Para a tese de Alice Toso, realizada entre outubro de 2014 e setembro de 2018, foram analisados 251 esqueletos humanos e 176 amostras de restos animais de sete locais no país, entre o século VIII e o século XV (período inserido na Idade Média).
Dessas análises, a investigadora e docente da Universidade de York concluiu que "a dieta dos portugueses mudou ao longo dos séculos entre o período islâmico e cristão", tendo-se registado uma mudança significativa na quantidade de proteína marinha consumida após o período de ocupação muçulmana.
As mudanças na dieta do português da época medieval não se registam apenas "por causa das diferentes normas religiosas alimentares, mas sobretudo devido ao panorama político e social".
"As cidades parecem ser os sítios que captam mais rapidamente esses câmbios, enquanto nos pequenos ajuntamentos rurais a forte relação com a terra e os recursos disponíveis na proximidade parecem ser o fator determinante. O que acho muito interessante é ver como as dinâmicas políticas, religiosas e sociais afetaram a vida das pessoas nesses tempos de transição, da mesma forma que acontece hoje em dia", sublinha Alice Toso, em declarações à agência Lusa.
No entanto, os dados recolhidos não permitem dar "uma resposta definitiva" para essa mudança na dieta, apesar de avançar com algumas hipóteses.
"Sabemos que, no período muçulmano, a pesca de alto mar não era praticada, por ser perigosa. Os navios cristãos dos reinos do norte tentavam constantemente a reconquista e as pessoas eram forçadas a pescar na proximidade da costa peixes mais pequenos e em pequenas quantidades", refere, salientando que, já sob a ocupação cristã, "o perigo da navegação em alto mar é menor e a tradição da exploração marítima das populações dos reinos do norte da península parece expandir-se ao país todo".
Com esta mudança na dieta também se identifica a alteração de uma economia ligada maioritariamente ao gado e à agricultura para uma economia fortemente marítima, que viria a caracterizar a idade moderna em Portugal, nota.
Alice Toso aponta ainda para os livros de receitas "em todo o mundo islâmico medieval", em que existe uma preferência para a carne (especialmente de cordeiro e carneiro), havendo poucas receitas de peixe.
"Isto também se revela no registo zooarqueológico, onde predominam restos de cabra e ovelha durante esse período", sustenta.
A tese, que recebeu a nota máxima pela Universidade de York, recorreu a uma técnica de análise de "isótopos estáveis de carbono e nitrogénio" dos restos mortais de animais e de humanos para chegar a estas conclusões.

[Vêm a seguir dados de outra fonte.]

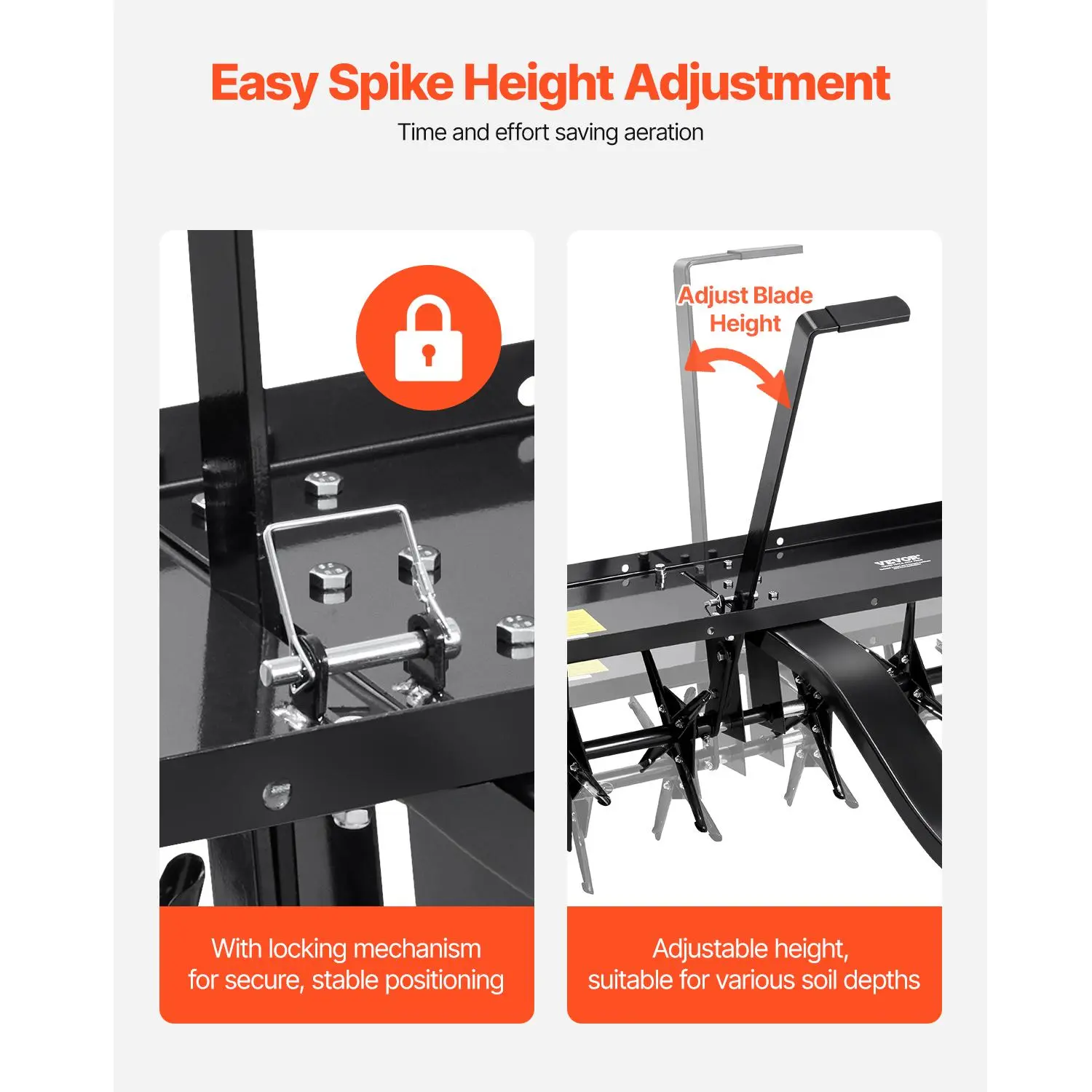 • Adjustable Height: You can adjust the tray height using the lawn aerator’s lift handle to achieve the ideal penetration depth or suit different soil heights. The locking mechanism ensures the position stays secure, avoiding any accidental detachment or loosening during use.

"A concentração dos isótopos estáveis de carbono e nitrogénio, em particular, costuma medir-se no colagénio dos ossos arqueológicos e, graças aos valores conhecidos de determinados grupos de comida, a dieta das pessoas pode ser reconstruída", explica.
Para o futuro, a investigadora admite que gostava de continuar a explorar as mudanças da dieta portuguesa durante outros períodos de transição, nomeadamente o da expansão marítima.
"Acho muito interessante estudar a ligação entre comida, sociedade e economia. Cada cultura e população que passaram por essas terras deixaram uma marca que contribuiu para a identidade portuguesa. Não ter esses conhecimentos é como ter uma bela calçada portuguesa onde faltam umas pedrinhas ali e aqui: o desenho fica incompleto", salienta.